(Collected material Opens)
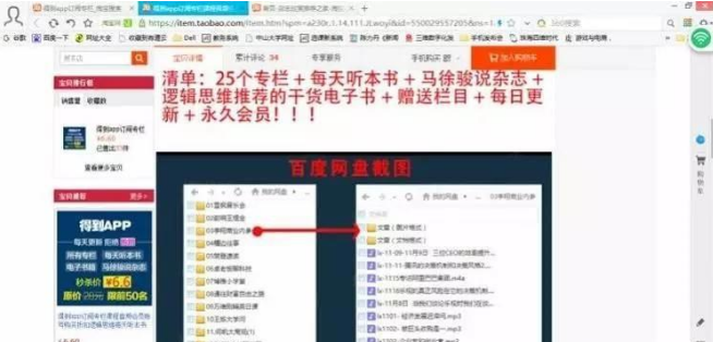 南都记者在一家淘宝店铺发现,6.6元即可买到得到APP25个栏目的付费内容和永久更新。
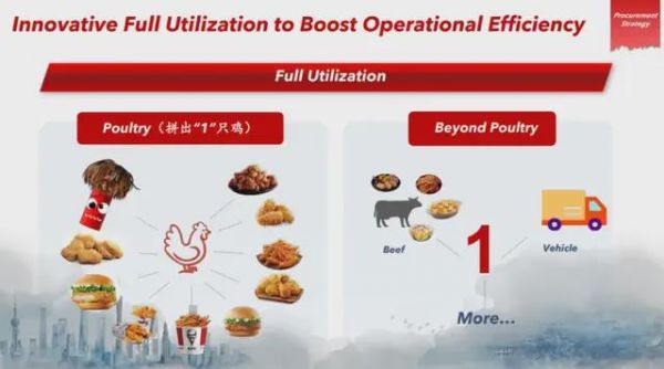 在供应链端,“全物利用” 的经营理念开始在内部推行。依托肯德基、必胜客等多品牌的庞大需求,百胜中国能够对一只鸡进行 “全局规划”:将整鸡的不同部位与规格,结合品牌的需求以及研发,匹配到最合适的产品线中。鸡腿、鸡翅用于肯德基的经典产品;其他部位则通过研发和品牌协同被转化为具有吸引力的新品,鸡胸肉被开发为热门的藤椒鸡排堡、疯狂星期四的热辣香骨鸡源于翅根的创新分割,必胜客的川香傲椒脆翅尖则是鸡翅的完全利用,为消费者提供了新的口味。
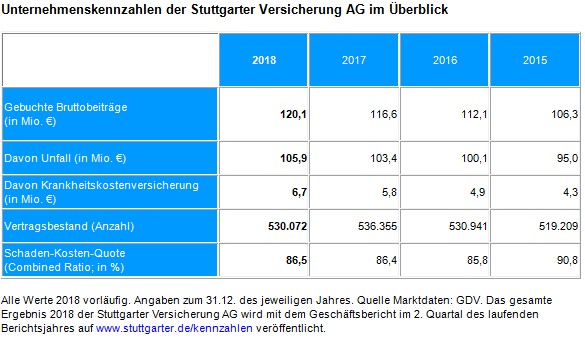 Schaden- und Unfallbereich der Stuttgarter: Beitragseinnahmen 2018 auf Rekordhoch
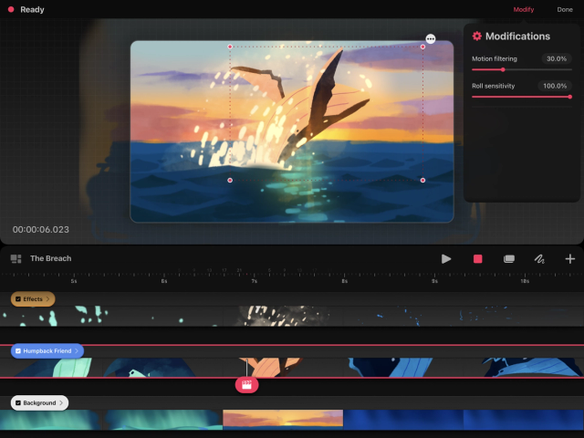 Performing motion in Procreate Dreams can be affected by the Modifications settings. Access these settings by tapping Modify while Performing.
(Collected material Closes)
What needs to be done:
From the first line to the last, output the data exactly, without the pictures.

Answer to this problem:
 南都记者在一家淘宝店铺发现,6.6元即可买到得到APP25个栏目的付费内容和永久更新。
 在供应链端,“全物利用” 的经营理念开始在内部推行。依托肯德基、必胜客等多品牌的庞大需求,百胜中国能够对一只鸡进行 “全局规划”:将整鸡的不同部位与规格,结合品牌的需求以及研发,匹配到最合适的产品线中。鸡腿、鸡翅用于肯德基的经典产品;其他部位则通过研发和品牌协同被转化为具有吸引力的新品,鸡胸肉被开发为热门的藤椒鸡排堡、疯狂星期四的热辣香骨鸡源于翅根的创新分割,必胜客的川香傲椒脆翅尖则是鸡翅的完全利用,为消费者提供了新的口味。
 Schaden- und Unfallbereich der Stuttgarter: Beitragseinnahmen 2018 auf Rekordhoch
 Performing motion in Procreate Dreams can be affected by the Modifications settings. Access these settings by tapping Modify while Performing.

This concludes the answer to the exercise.